### What is needed
Each line of the material below is to be written out exactly. Leave out any picture.

### Source data
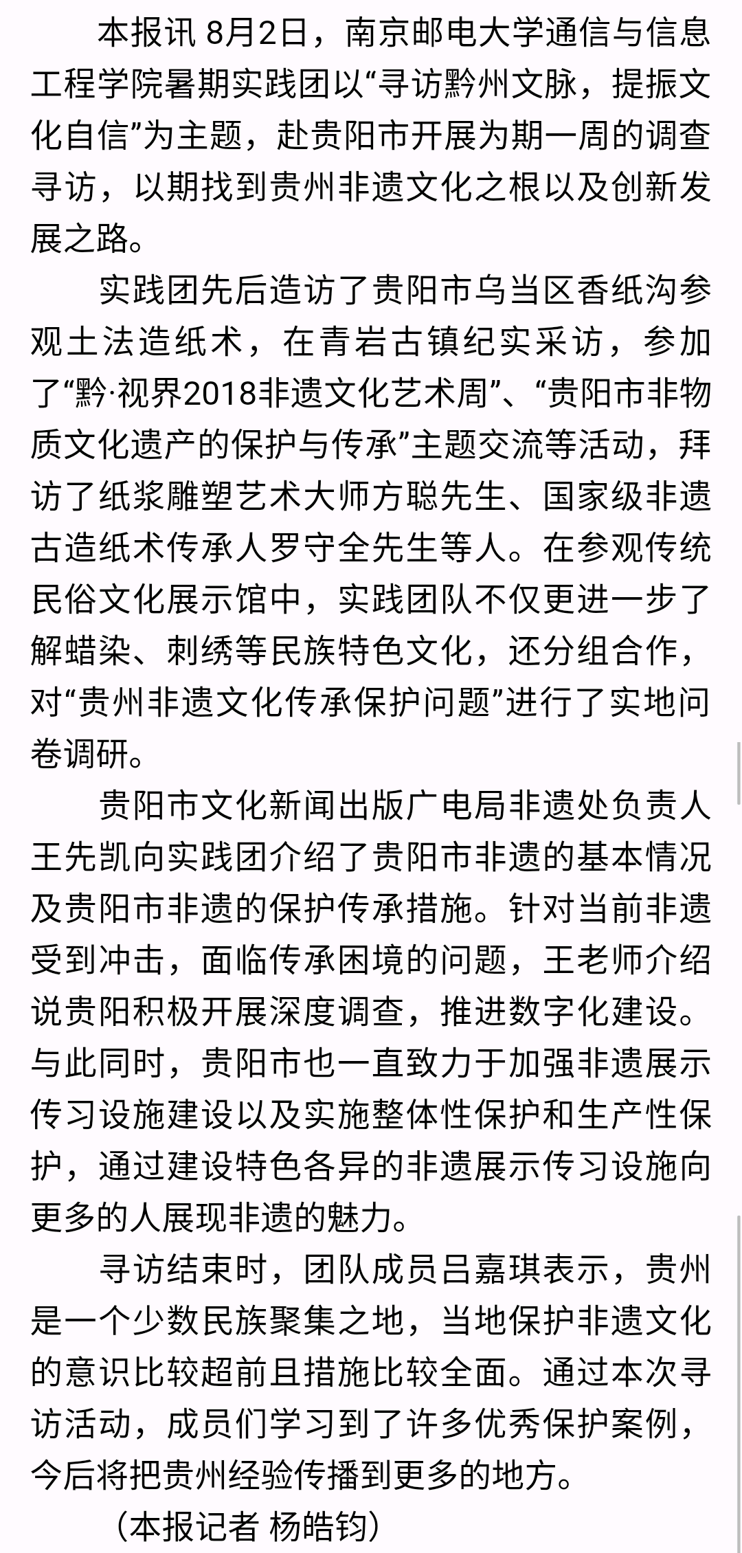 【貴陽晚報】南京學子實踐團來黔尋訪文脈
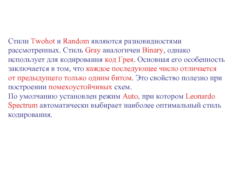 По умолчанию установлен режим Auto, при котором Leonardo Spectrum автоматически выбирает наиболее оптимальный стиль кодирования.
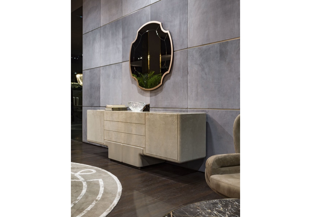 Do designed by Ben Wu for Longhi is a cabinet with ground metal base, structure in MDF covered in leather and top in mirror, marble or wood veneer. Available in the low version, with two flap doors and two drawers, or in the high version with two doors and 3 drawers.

### Result of this task
 【貴陽晚報】南京學子實踐團來黔尋訪文脈
 По умолчанию установлен режим Auto, при котором Leonardo Spectrum автоматически выбирает наиболее оптимальный стиль кодирования.
 Do designed by Ben Wu for Longhi is a cabinet with ground metal base, structure in MDF covered in leather and top in mirror, marble or wood veneer. Available in the low version, with two flap doors and two drawers, or in the high version with two doors and 3 drawers.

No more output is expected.